Anthony H. Cordesman,
Center for Strategic and International Studies, 15 maggio 2009,
L'incontro tra Barack Obama e il primo ministro Israeliano Benjamin Netanyahu ha sollevato alcune tra le questioni più critiche nell'ambito delle relazioni tra gli Stati Uniti e Israele. E' prematuro esprimere opinioni su come il governo di Netanyahu gestirà le sue relazioni con il mondo arabo o con l'Iran, ma in entrambi i casi la tensione potrebbe inasprirsi se lo sforzo nel costruire un dialogo non si intensificasse da ambo le parti. Gli Stati Uniti e Israele sono alleati, ma questo non significa che abbiano gli stessi interessi strategici. Anzi, spesso per gli Usa il legame con Israele rappresenta tanto un peso e una responsabilità quanto una fonte di vantaggi.
-La sfida per una pace arabo-israeliana
Bisogna esser cauti nel concludere che il primo ministro Netanyahu sia indisponibile a concludere un accordo definitivo, ma è opportuno non illudersi che la pace sia vicina, almeno finché il movimento palestinese rimarrà diviso e i principali dubbi israeliani avranno ragione di esistere. Questo, comunque, non significa che Obama debba rinunciare a un profondo sforzo per porre le condizioni della pace, a concentrarsi su una soluzione che preveda la coesistenza di due Stati e ad impegnarsi per frenare la minaccia del terrorismo e sciogliere le diffidenze storiche dei paesi arabi nei confronti degli Usa.

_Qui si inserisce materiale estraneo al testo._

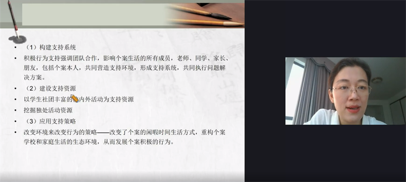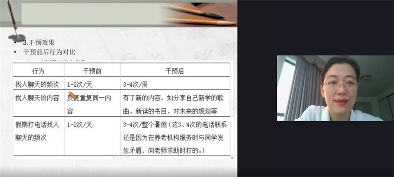 隨后,孫峰副教授重點講述了特殊群體的高等教育、職業教育實施情況與實施路徑,她用鮮活的案例,展現了特殊群體在受教育過程中可能出現的同伴交往、師生交往、學習體驗等方面的問題,并給出了詳盡、可行、具體的干預方案。“激發興趣原則是智力落后學生教育中的重要原則,要激發、培養和保持他們 的興趣愛好,增加獨處活動內容的新穎性和多樣性,給他們創造體味成功的 機會,使其對活動保持長久的注意。”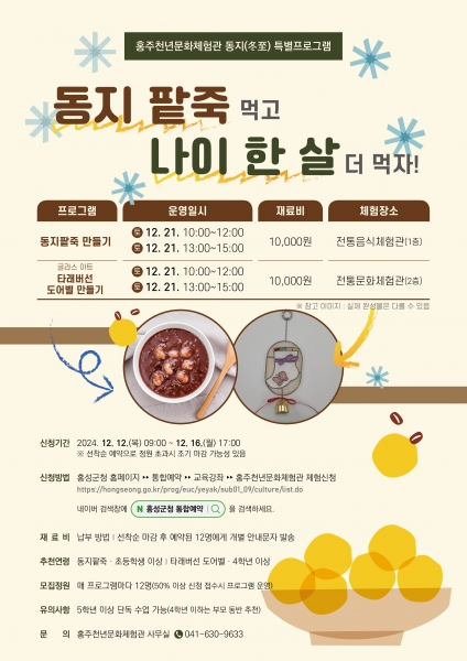 프로그램 신청은 홍성군청 홈페이지 통합예약란을 통해 진행되며 동지 프로그램은 12월 12일부터 16일까지, 크리스마스 프로그램은 12월 13일부터 16일까지 선착순으로 접수한다.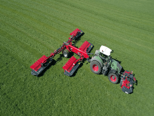 Faucheuse 4,50 m, équipée de série du système unique sur le marché de transfert de charge automatique...

Obama sa di dover assumere un atteggiamento dialogante e aperto con Netanyahu. I due uomini non hanno certo identità di vedute, ma ciò non implica che gli Usa debbano sacrificare i loro interessi nel resto del Medio Oriente. Se nei prossimi mesi tutto dovesse andare per il meglio, il primo ministro israeliano accetterà di collaborare al nuovo corso negoziale che gli Usa intendono inaugurare, anche grazie al loro inviato nella regione, George Mitchell. Allo stesso modo, accetterà di buon grado una soluzione a due Stati e saprà gestire le uscite, estemporanee e pericolose, del suo ministro degli Esteri. Se questo scenario non dovesse concretizzarsi, il primo incontro tra i due leader rischia di essere solo il principio di una teoria di discussioni “lunghe e schiette” tra due amici che dissentono su come risolvere un problema. Il risultato sarebbe l'inazione, ossia il peggiore dei risultati per la pace in Medio Oriente.

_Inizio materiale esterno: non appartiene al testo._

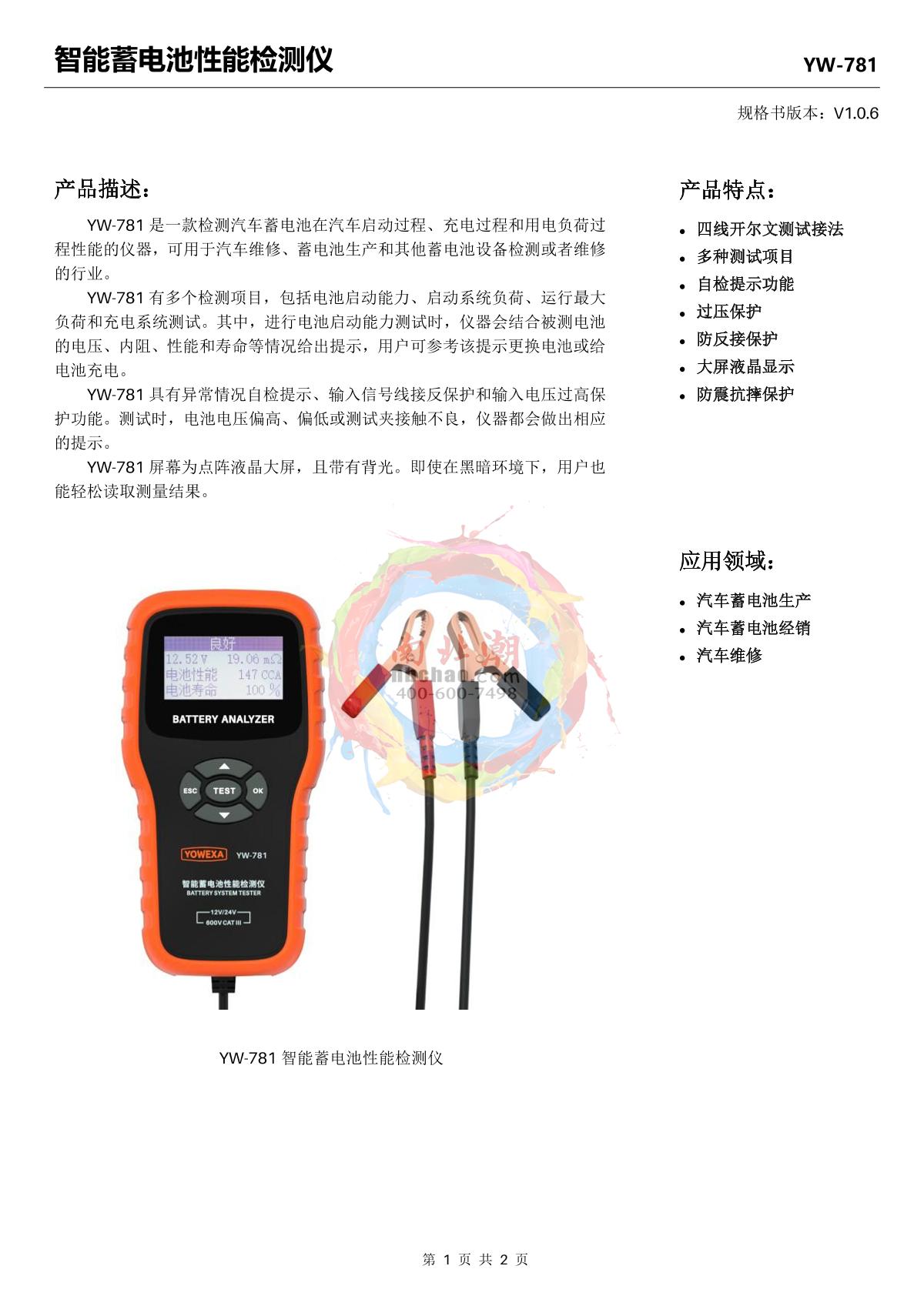 YOWEXA yw-781 Intelligent battery performance Tester Manual,OI

Washington non dovrà comunque scordarsi di premere anche sul versante palestinese. I fallimenti passati nelle trattative per la pace, come noto, sono imputabili ad entrambi gli attori. La corruzione dell'Autorità Nazionale Palestinese è stata una ferita auto-inflitta (non certo imputabile ad Israele!) e il tentativo di trarre vantaggio dagli sforzi del presidente Bill Clinton per la pace si è risolto in una ulteriore sconfitta. La corruzione nell'organizzazione di Fatah è stata la causa prima del fallimento nel creare forze di sicurezza affidabili. Questo vuoto ha poi aperto la strada ad Hamas e quindi alla perdita di Gaza. In seguito è stata la violenza di Hamas la maggiore responsabile della divisione del movimento palestinese, al punto che anche gli israeliani più moderati stanno iniziando a perdere le speranze. E' importante che gli Stati Uniti incoraggino una riforma palestinese, un governo onesto e capace di produrre risultati concreti e ulteriori passi in avanti nella costruzione di forze dell'ordine palestinesi efficienti e responsabili.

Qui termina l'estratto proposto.